4. Mr. Dharan Gandhi the learned Counsel for the Petitioner submitted that the A.O. has failed to establish that the jurisdictional conditions are satisfied to initiate reassessment proceedings. He submitted that the reassessment is based solely on the information received under the head High Risk Transaction cases under the verification module on the “INSIGHTS PORTAL”. He submits that the description on the portal is “Account Balance or value at the end of the reporting Period”, against which an amount of Rs. 103,79,33,586/- is mentioned. He submits that there is nothing in the reasons or in the order disposing objections in this regard. Accordingly, on such vague and ambiguous information, assessment cannot be reopened. He submits that there is no live link or nexus between information received and the purported income i.e. escaped assessment. He further submits that there is no information or detail about the nature of transaction or account which is signed, sine qua non for the A.O. to have a “reason to believe” that income chargeable to tax has escaped assessment. In support of his contention, he relied upon the decision of the Apex Court in the case of ITO vs. Lakhmani Mewal Das1. He submitted that there is no new tangible material based on which the assessment was being reopened and that from the reasons recorded, one could not deduce what was the new tangible material. He submitted that the reasons categorically recorded that the information requires further verification. He apprehends that the reopening would only lead to fishing and roving enquiry conducted by the respondent No.1. He submitted that a reopening of the assessment cannot be based on conjecture, surmises and assumptions. In support of the said contention, he relied upon following judgments:
(i) 375 ITR 308(Bom) Nivi Trading Limited vs. UOI.
(ii) 262 Taxman 404(Bom) Jalaram Enterprises (P) Ltd. vs. ITO.
(iii) 261 Taxman 110(Bom) PCIT vs. Rajesh D. Nandu.
(iv) 406 ITR 326 (Guj) PCIT vs. Manzil Dineshkumar Shah.
5. He further submitted that from the information available on the “INSIGHT PORTAL” it can be concluded that the impugned order was passed in mechanical and in routine manner without any application of mind, which by itself would make reassessment proceeding bad in law and liable to be set aside. He submitted that since the respondent No. 1 had taken no efforts to verify the records of the Petitioner, the actions were without any due diligence and therefore, contrary to the law.
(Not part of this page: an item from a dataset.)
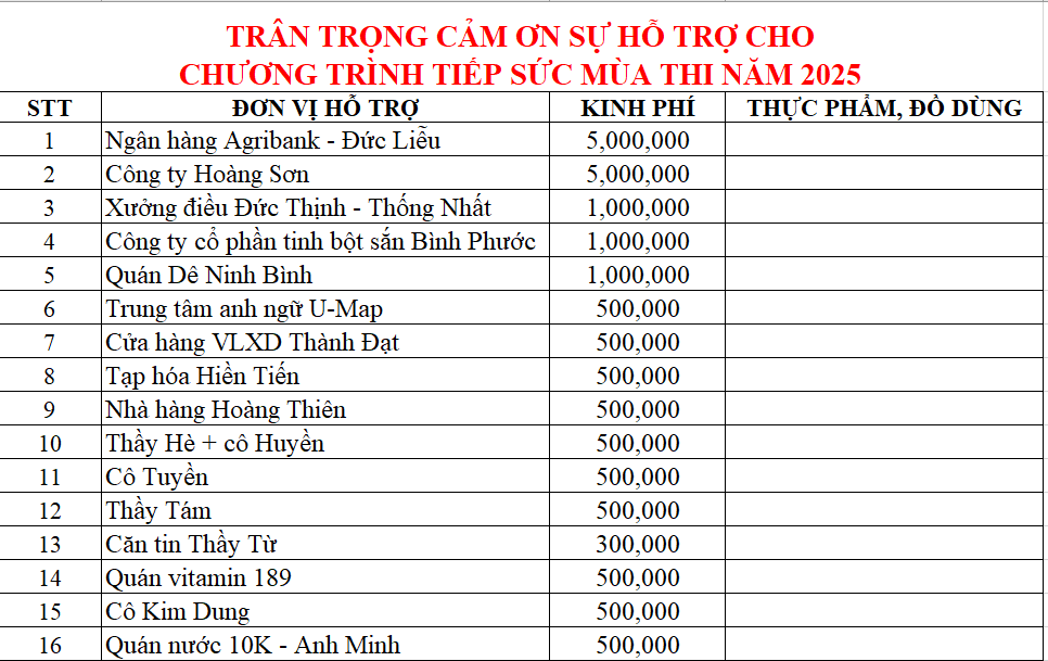 Hoạt động là một hành trình tình nguyện đầy ý nghĩa với sự tham gia hỗ trợ của các Cơ quan, doanh nghiệp, các mạnh thường quân, quý phụ huynh, giáo viên, cựu học sinh nhà trường về kinh phí cũng như các nhu yếu phẩm giúp cho các sĩ tử yên tâm, tự tin vượt qua kỳ thi tốt nhất. BCH Đoàn trường gửi lời cảm ơn sâu sắc tới các đơn vị, tập thể, cá nhân đã hỗ trợ và giúp chương trình “Tiếp sức mùa thi” diễn ra ý nghĩa và hiệu quả: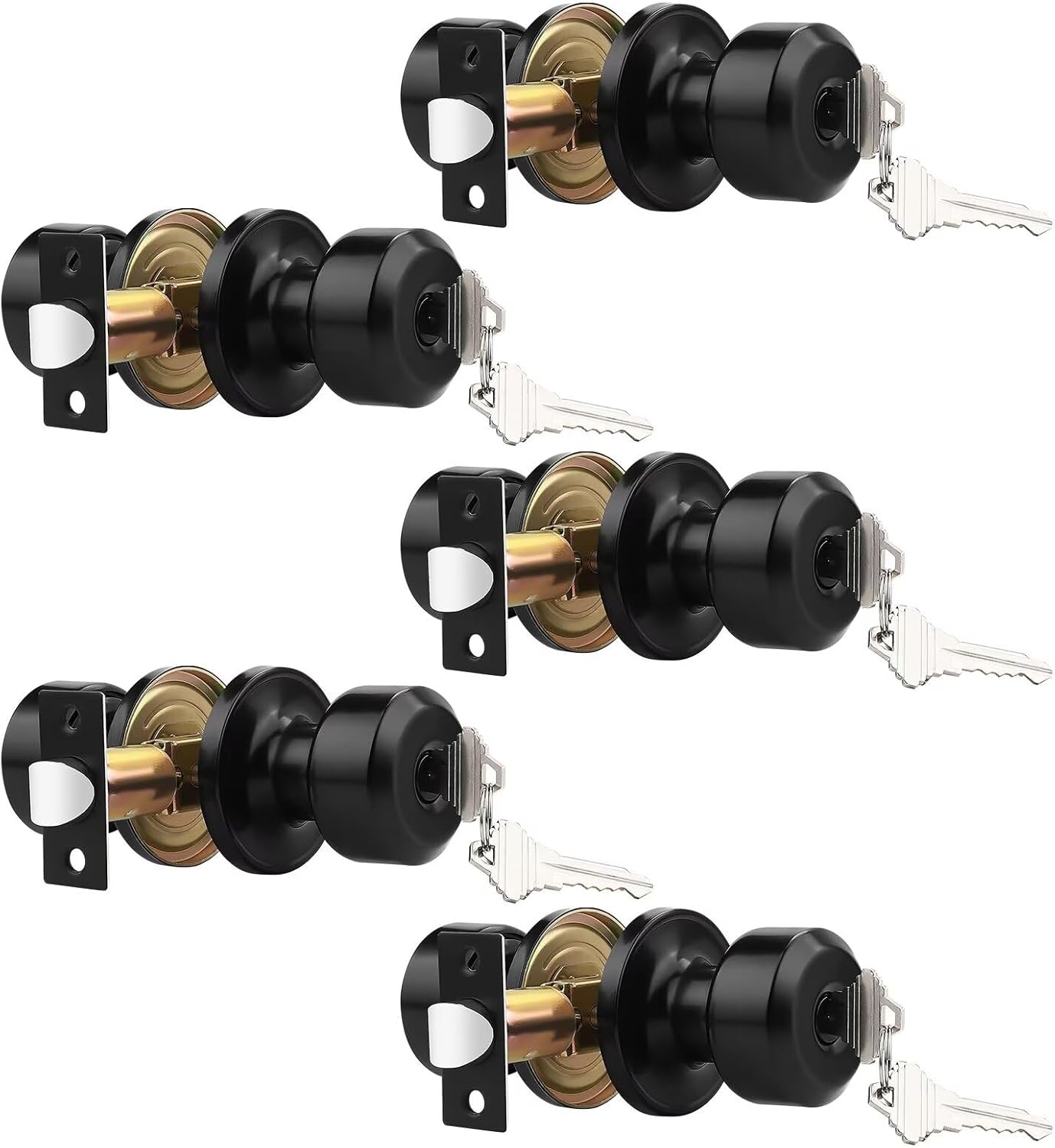 Probrico Keyed Alike Entry Black Door Knobs, Cylindrical Shape Knobs with Lock and Keys,Combo Packs 2 Pack

He placed reliance on the following decisions in support of his contention.
“(I) Chhuganmal Rajpal vs. SP Chaliha (1971) 79 ITR 603(SC).
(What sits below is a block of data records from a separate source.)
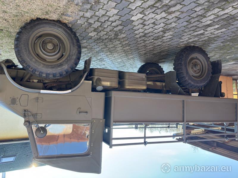 Leírás: Muzeális igazolással rendelkezik, OT-nek levizsgáztatható. A két fűthető bőrülés kivételével eredeti minden rajta. A fülke és a plató le lett véve róla úgy lett homok szórva, alváz védve és fényezve. A plató és a padok újra fázva, új ponyvával és ablakokkal. Rengeteg pótalkatrésszel (első híd, hátsó híd, alváz, váltó, motor, 4 ponyvatartó ív). Adok hozzá még 4 military gumit.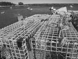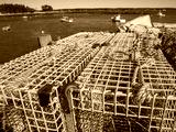 Closeup of lobster traps at a fishing pier in coastal Maine, New England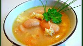 Krok 6: Na pánvi na trošce oleje umícháme vajíčka do doby, než se srazí a vsypeme je do polévky. Polévku dosolíme a dopepříme podle vlastní chuti.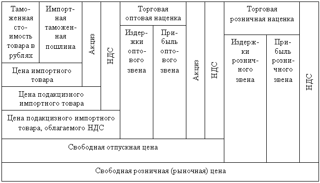 В ценах первых трех видов имеется элемент, покрывающий расходы торговли и обеспечивающий ее прибыльность ( рисунок 3.,4.). Это торговая наценка (ТН) – часть продажной цены, предназначенная для возмещения издержек обращения (транспортные расходы, оплата труда торговых работников, расходы по аренде и содержанию помещений, реклама и т.д.) и обеспечения прибыли торговых предприятий. При государственном регулировании торговая надбавка устанавливается в процентном отношении к отпускной цене (как правило, от 15 до 25%). Во всех остальных случаях она складывается под воздействием спроса и предложения на данный вид товара. Торговая наценка дифференцируется по группам товаров и по местонахождению торговых организаций. Сумма наценок по всем проданным товарам называется реализованным наложением (РН) или валовым доходом (ВД). Валовой доход – это разница между продажной и покупной стоимостью реализованных товаров (без НДС, акциза, налога с продаж).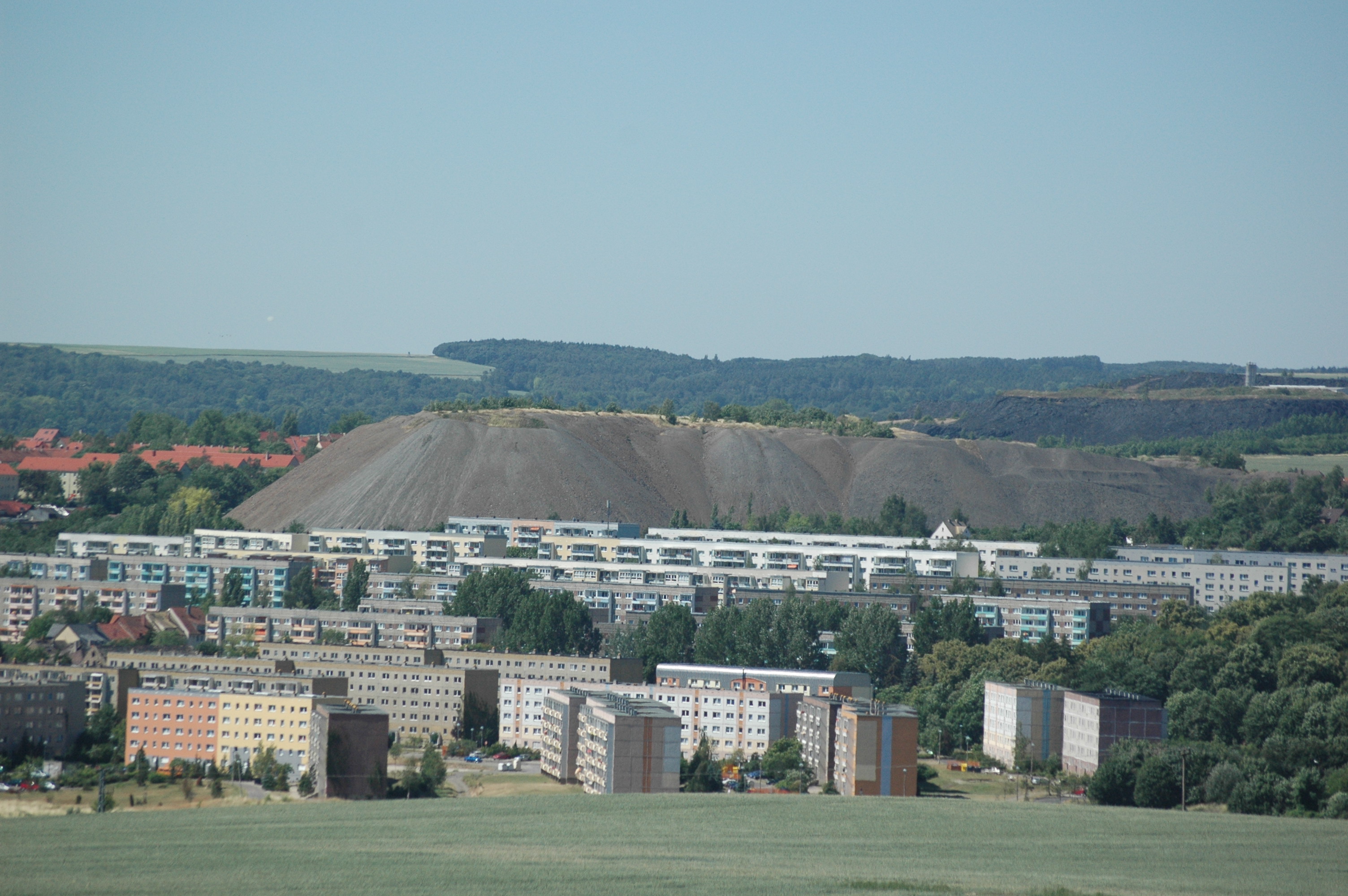 Foto der Südhalde aus Richtung Wolfschacht. Im Vordergrund die Siedlungen Gerbstedter- und Helbraer Straße. Hinter der Halde ist zum Teil die Schlackenhalde der Krughütte zu erkennen.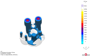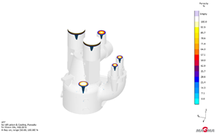 通过计算机模拟铸件充型过程,可以看出改工艺采用底注式浇注系统,钢液平稳进入型腔,快速上升,整个充型过程无返流、卷气、飞溅等现象,减少充型过程钢液二次氧化,有效避免气孔夹砂等铸造缺陷。如图23所示。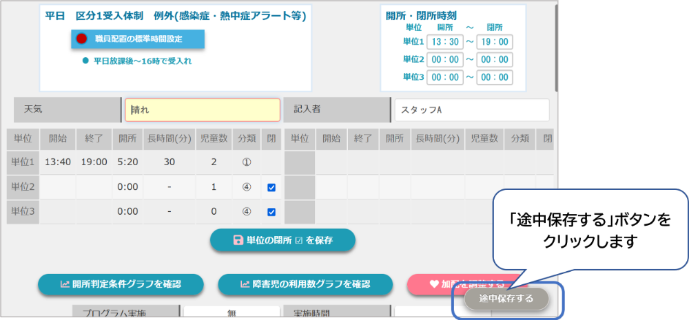 日誌の作成に時間がかかる場合に、随時「途中保存」を行ってください。

(ii) PCIT vs. Shodiman Investments (P) Ltd. 93 taxmann.com 153(Bom).
(iii) Nu Power Renewables (P) Ltd. vs. DCIT 94 taxmann.com 29(Bom).
(iv) South Yarra Holdings vs. ITO 263 Taxman 594(Bom).”
6. He relied upon the decision of this Hon’ble Court in the case of Hindustan Lever Ltd. vs. R.B. Wadkar2 to contend that in the present case, the reasons were absolutely silent about the nature of transaction/account and consequently, were vague and unambiguous and unsubstantiated information. He further submitted that a copy of the sanction or approval by the PCIT was not furnished to the Petitioner and consequently one could conclude that either there is no such approval or the same is sanctioned without any application of mind. He further submitted that the notice under section 143(2) of the Act dated 23rd June, 2021 is in contravention of the Judgment of the Apex Court in the case of GKN Driveshafts (India) Ltd. v/s. Income-tax Officer3 which held that the assessing officer has to supply reasons after which the assessee can file objections and thereafter, the same had to be disposed of by a speaking order. He submitted that a period of 4 weeks is required to be kept between the order disposing of the objections and the time barring date, which is not done in the present case. He submitted that whilst the assessing officer required more information, he averred “the debit and credit figures mentioned in the STR 001 for A.Y. 2016-17 are as under: “Debit transaction: Rs.105,94,63,630 Credit Transaction: Rs. 103,79,33,586/-.” He submitted that the debit figure had appeared for the first time and was ignored while recording reasons. He submitted that the debit figure is more than credit figure and that since the clarification about the nature of transactions/accounts is unanswered by the respondent, the Petitioner is unable to explain the same. He lastly submitted that the order has been passed by NFAC i.e. respondent No. 4 whereas the reasons are recorded by respondent No. 1, which consequently vitiates the order passed disposing the objections. In view of the above, he prayed that the petition be made absolute.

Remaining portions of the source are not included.